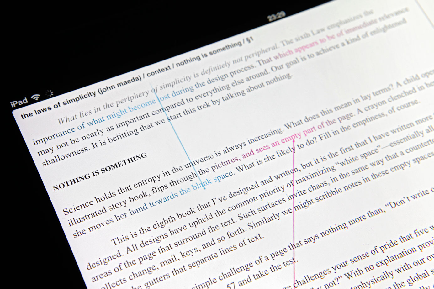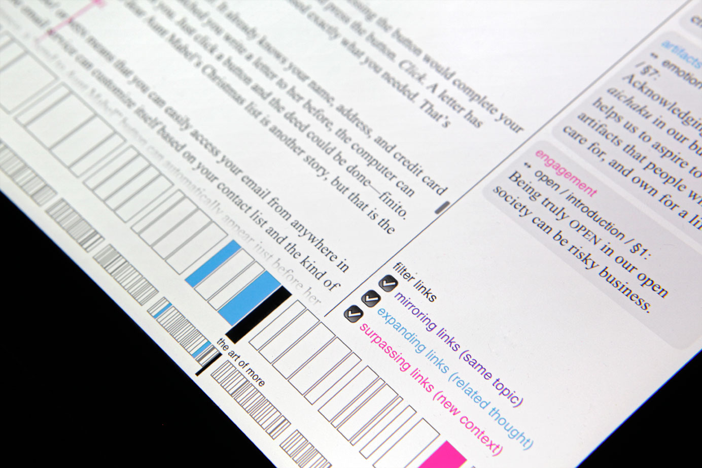 Every decision a reader makes when navigating through the non-linear book creates a personal, unique reading experience. The snippets and the genders of the hyperlinks, equip the reader with a compass to navigate the text and make conscious decisions to either continue the predetermined track of the author or deviate by enhancing or surpassing the current topic.
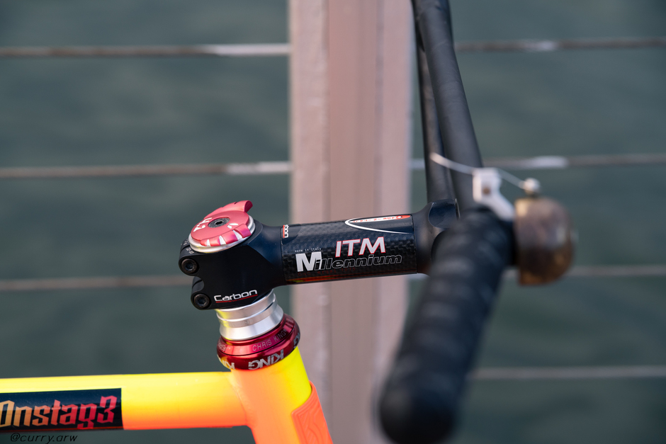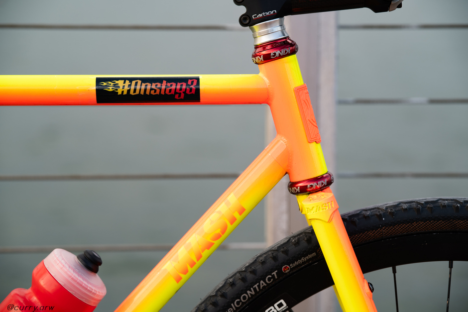 fairweather corner framebag (not shown), crane bell, spurcycle ketchup and mustard bidons, minoura dura cage, thomson spacers.
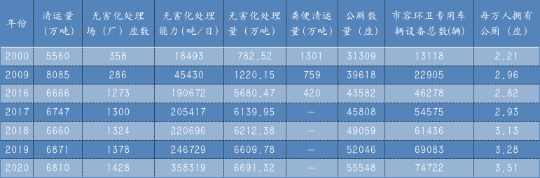 從表2可見,市容環(huán)衛(wèi)行業(yè)在2009年以后的發(fā)展可謂突飛猛進,從2009-2020年,全國垃圾清運量增加49.43%,相比1999-2009年間,增速提升了11.6個百分點;同一時期,無害化處理場數(shù)量增長126.98%,而前一個10年則是-18.53%;其他指標,垃圾無害化處理能力、垃圾無害化處理量、市容環(huán)衛(wèi)專用車輛設(shè)備總數(shù)均以倍速提升;公廁數(shù)量則增加了39.37%,而前一10年增速僅為10.70%。每萬人擁有的公廁數(shù)量是唯一一個下降的指標,考慮最近10年中國城市化的高速度,似乎也可以理解。最遺憾的還是糞便清運量,從2017年開始就無統(tǒng)計數(shù)據(jù),而歷史數(shù)據(jù)也是上下起伏不定。糞便處置不僅與廁所革命密切相關(guān),更關(guān)系到自然水體保護和食品安全,期待糞便處置能夠得到更多重視。《年鑒》顯示,2020年,全國縣城生活垃圾清運量達6810萬噸(約0.68億噸),總計擁有1428座無害化處理場(廠),生活垃圾處理能力358,319噸/日(約35.83萬噸/日),年無害化處理生活垃圾6691.32萬噸(約0.67億噸)??h城總計擁有公廁55,548座(5.55萬座),平均每萬人擁有公廁3.51座,全國縣城共擁有環(huán)衛(wèi)專用車輛設(shè)備74,722輛(約7.47萬輛)。表3 2000-2020年全國縣城市容環(huán)衛(wèi)總體情況(大致按年代跨度)

Task brief = Return the full listing above verbatim, please, but without its images.

Solution to this exercise =
 Every decision a reader makes when navigating through the non-linear book creates a personal, unique reading experience. The snippets and the genders of the hyperlinks, equip the reader with a compass to navigate the text and make conscious decisions to either continue the predetermined track of the author or deviate by enhancing or surpassing the current topic.
 fairweather corner framebag (not shown), crane bell, spurcycle ketchup and mustard bidons, minoura dura cage, thomson spacers.
 從表2可見,市容環(huán)衛(wèi)行業(yè)在2009年以后的發(fā)展可謂突飛猛進,從2009-2020年,全國垃圾清運量增加49.43%,相比1999-2009年間,增速提升了11.6個百分點;同一時期,無害化處理場數(shù)量增長126.98%,而前一個10年則是-18.53%;其他指標,垃圾無害化處理能力、垃圾無害化處理量、市容環(huán)衛(wèi)專用車輛設(shè)備總數(shù)均以倍速提升;公廁數(shù)量則增加了39.37%,而前一10年增速僅為10.70%。每萬人擁有的公廁數(shù)量是唯一一個下降的指標,考慮最近10年中國城市化的高速度,似乎也可以理解。最遺憾的還是糞便清運量,從2017年開始就無統(tǒng)計數(shù)據(jù),而歷史數(shù)據(jù)也是上下起伏不定。糞便處置不僅與廁所革命密切相關(guān),更關(guān)系到自然水體保護和食品安全,期待糞便處置能夠得到更多重視。《年鑒》顯示,2020年,全國縣城生活垃圾清運量達6810萬噸(約0.68億噸),總計擁有1428座無害化處理場(廠),生活垃圾處理能力358,319噸/日(約35.83萬噸/日),年無害化處理生活垃圾6691.32萬噸(約0.67億噸)??h城總計擁有公廁55,548座(5.55萬座),平均每萬人擁有公廁3.51座,全國縣城共擁有環(huán)衛(wèi)專用車輛設(shè)備74,722輛(約7.47萬輛)。表3 2000-2020年全國縣城市容環(huán)衛(wèi)總體情況(大致按年代跨度)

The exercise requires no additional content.